Diagnóstico apressado

A dimensão da catástrofe que acometeu a região serrana do Rio de Janeiro, apesar de recorrente, surpreendeu. Tenho assistido à banalização sistemática do diagnóstico de transtorno de estresse pós-traumático – TEPT.

Estudos indicam que uma em cada quatro pessoas submetidas a catástrofes desenvolve o transtorno nos meses e anos posteriores ao evento. Porém, efetuar tão complicado diagnóstico durante o pronto atendimento ou nos abrigos improvisados, nos dias em que o desastre ainda está acontecendo, parece-me leviandade.

A TEPT faz parte do grupo dos transtornos psiquiátricos predominante na população em geral. Especificamente, está relacionado à existência de um evento/trauma, de grande relevância na percepção subjetiva do paciente, e que no passado, o expôs a uma situação real de ameaça.

Esse evento pode, sim, ser exemplificado por deslizamentos e enchentes como as que ocorreram no estado do Rio. Entretanto, a pessoa com TEPT, sofre por meio de persistentes visões em flashback da situação traumática que viveu, e pode apresentar insensibilidade e reação comportamental incompatível, em situações que não representam perigo real após meses e/ou anos após a ocorrência do trauma. Ou seja, uma pessoa que teve a infelicidade de vivenciar o desastre poderá, no futuro, relembrar a situação dramática que enfrentou e reagir emocionalmente durante um simples dia de chuva.

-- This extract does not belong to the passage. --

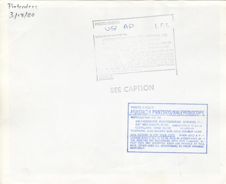 Chrissie Hynde The Pretenders playing guitar in concert Original 8x10 Photo Stamped VG/Near Mint Condition This is an Original vintage photograph from the year of the concert, photo shoot or event measuring approximately 8x10 inches (20x25 cm) unless otherwise stated. Many Original vintage photographs carry the agency or photographer stamp on the back. This is a rare collectors item being offered from one collector to another, no nights given or implied. Silver Screen are gradually releasing thousands of Original Photographs, Transparencies, Negatives, Lobby Cards, Posters, Magazines and other memorabilia from our historic archive.

Ao analisar os pacientes é possível verificar que há correspondência entre as suas reações comportamentais e emocionais, e os estímulos externos que recebe. Ou seja: lugares, clima, contexto, pessoas. E nessa condição, conforme a semelhança que a percepção subjetiva do paciente interprete em uma situação, ela poderá desencadear a mesma reação, emocional e física, vivenciada no momento do trauma.

Qualquer pessoa saudável tem o direito de se sentir emocionalmente desestabilizada, por determinado período, quando submetida às consequências de uma catástrofe. Se viveu a experiência de perder familiares e/ou amigos, a própria casa e referências de vida, ficou exposta ao perigo de morte, fome e desabrigo, não deve ser diagnosticada como afligida em saúde mental.

Faço parte de uma corrente de pensamento, que não se satisfaz em buscar exclusivamente na pessoa afetada pela catástrofe e exposta a tão desorientadora realidade, a desordem de ordem psíquica que possa ser qualificada como doença; nem tampouco em aguardar que esse estresse emocional, temporário, evolua para o real quadro de desajuste e adoecimento. Aí sim, poderá ser TEPT.

Partilho da proposta do psiquiatra Moty Benyakar, ao admitir o diagnóstico diferencial de Transtorno por Disrupção, onde se incluem os quadros depressivos. E defendo o direcionamento: oferecer atendimento assistencial continuado às populações afetadas por catástrofes, durante os anos seguintes ao evento, com o objetivo de prevenir o desenvolvimento de adoecimento.